Each Exchange Offer is a separate offer and, subject to applicable law, may be amended, extended, terminated or withdrawn, either as a whole, or with respect to one or more series of Existing DGL Notes, at any time and for any reason, including if any of the conditions described in the applicable offering document are not satisfied or waived by the applicable Expiration Date (or the early settlement date, as the case may be).
Documents relating to the Exchange Offers and Consent Solicitations will only be distributed to holders of Existing DGL Notes who certify that they are (i) ‘qualified institutional buyers’ within the meaning of Rule 144A under the Securities Act of 1933, as amended (the ‘Securities Act’), or (ii) persons outside the United States that are not ‘U.S. persons’ within the meaning of Regulation S under the Securities Act (such holders, ‘Eligible Holders’). The complete terms and conditions of the Exchange Offers and the Consent Solicitations are described in the Offering Memorandum and related letter of transmittal, copies of which may be obtained by contacting Global Bondholder Services Corporation, the exchange agent and information agent in connection with the Exchange Offers and Consent Solicitations, at (866) 470-3800 (U.S. toll-free), (212) 430-3774 (banks and brokers) or by emailing email@example.com. Holders of the Existing DGL Notes may also complete and submit a letter of eligibility online at http://gbsc-usa.com/eligibility/digicel.
Holders of the Existing Notes that are U.S. persons and not qualified institutional buyers will not be able to receive such documents, but Digicel Group Limited will make alternative arrangements available to ensure that they can participate in the Consent Solicitations on a comparable basis. Such holders should contact Digicel and, after furnishing proof of their status as non-qualified institutional buyers that are US persons, will receive information about arrangements available to them.
The New Notes have not been and will not be registered under the U.S. Securities Act of 1933, as amended, and may not be offered or sold in the United States absent registration or an applicable exemption from registration requirements.
No Offer or Solicitation
This press release does not constitute an offer to sell or the solicitation of an offer to buy any securities or a solicitation of any vote of approval, nor shall it constitute an offer, solicitation or sale in any jurisdiction in which such offer, solicitation or sale is unlawful.
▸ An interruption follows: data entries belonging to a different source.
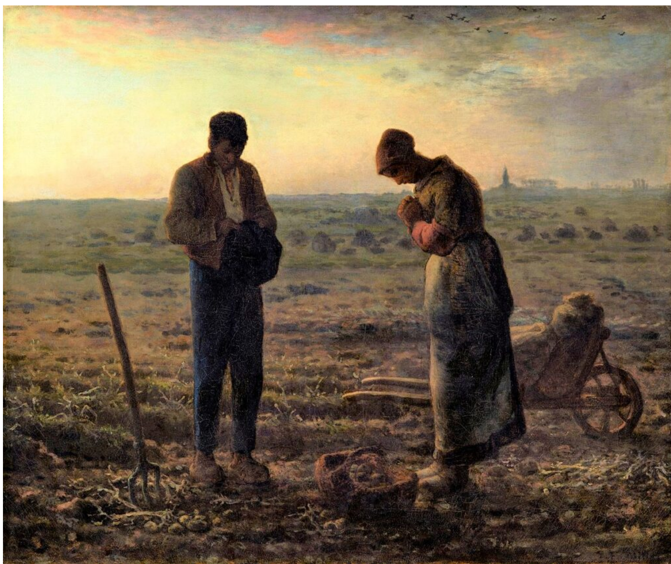
The Angelus by Jean-François Millet

With confidence in God and Our Lady, while distrusting ourselves, we will follow the advice of Padre Pio who said: “Pray, hope, and don’t worry.” We will turn to Saint Michael the Archangel to ‘defend us in battle,’ in our Spiritual Combat, using all of the spiritual weapons at our disposal.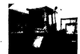
TROJAN 1500Z EROPS, Bucket & Forks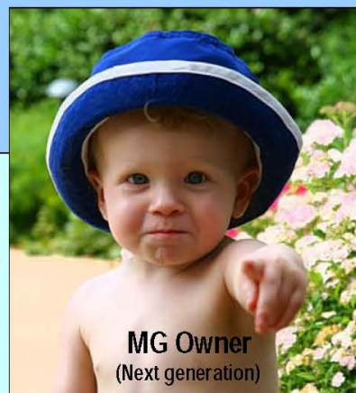
MG Owner (Next generation)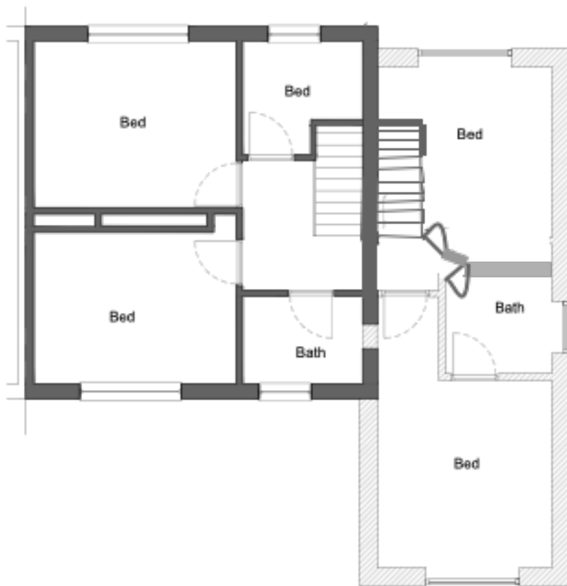
PROPOSED FIRST FLOOR 1:100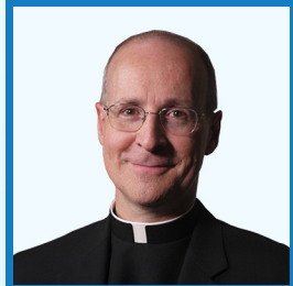
Fr. James Martin S.J.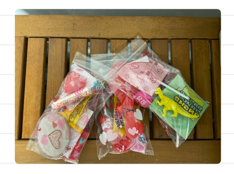
Little Candy Bags $3.50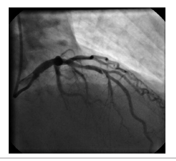
Figure 1: The coronary angiography demonstrated a localized 2 cm thin radiolucent line consistent with dissection at the level of second diagonal branch of left anterior desending artery (LAD) and a lesion just proximal to dissection.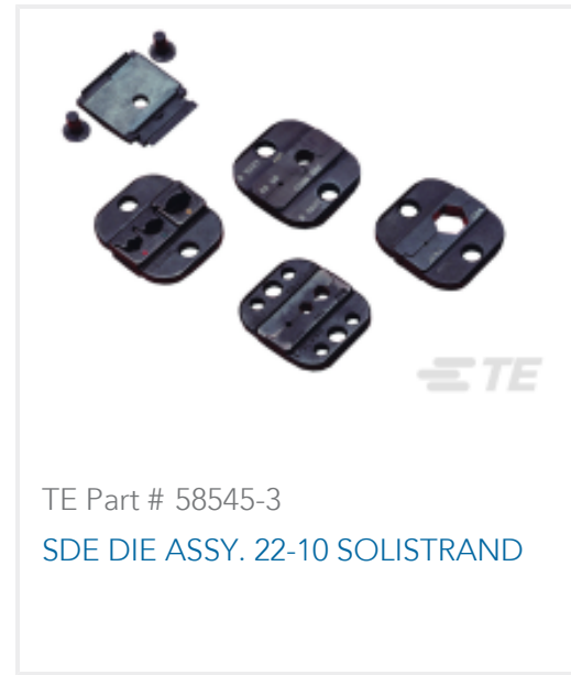
TE Part # 58545-3 SDE DIE ASSY. 22-10 SOLISTRAND

This press release shall not constitute an offer to purchase any securities or a solicitation of an offer to sell, or the solicitation of tenders or consents with respect to, any securities, and is issued pursuant to Rule 135c under the Securities Act. The Exchange Offers and Consent Solicitations are being made only pursuant to the Offering Memorandum and related transmittal documents and only to such persons and in such jurisdictions as is permitted under applicable law.
Forward Looking Statements
This press release contains forward-looking statements. Actual results may differ materially from those reflected in the forward-looking statements. We undertake no obligation to release publicly the result of any revisions to these forward-looking statements which may be made to reflect events or circumstances after the date hereof, including, without limitation, changes in our business or acquisition strategy or planned capital expenditures, or to reflect the occurrence of unanticipated events.
Digicel Group Limited is a limited liability exempted company incorporated under the laws of Bermuda and owned by Mr. Denis O”Brien.
Digicel Group is a total communications and entertainment provider with operations in 31 markets in the Caribbean, Central America and Asia Pacific. After 17 years of operation, total investment to date stands at over US$5 billion worldwide.
Digicel also runs a host of community-based initiatives across its markets and has set up Digicel Foundations in Haiti, Jamaica, Papua New Guinea and Trinidad and Tobago which focus on educational, cultural and social development programmes.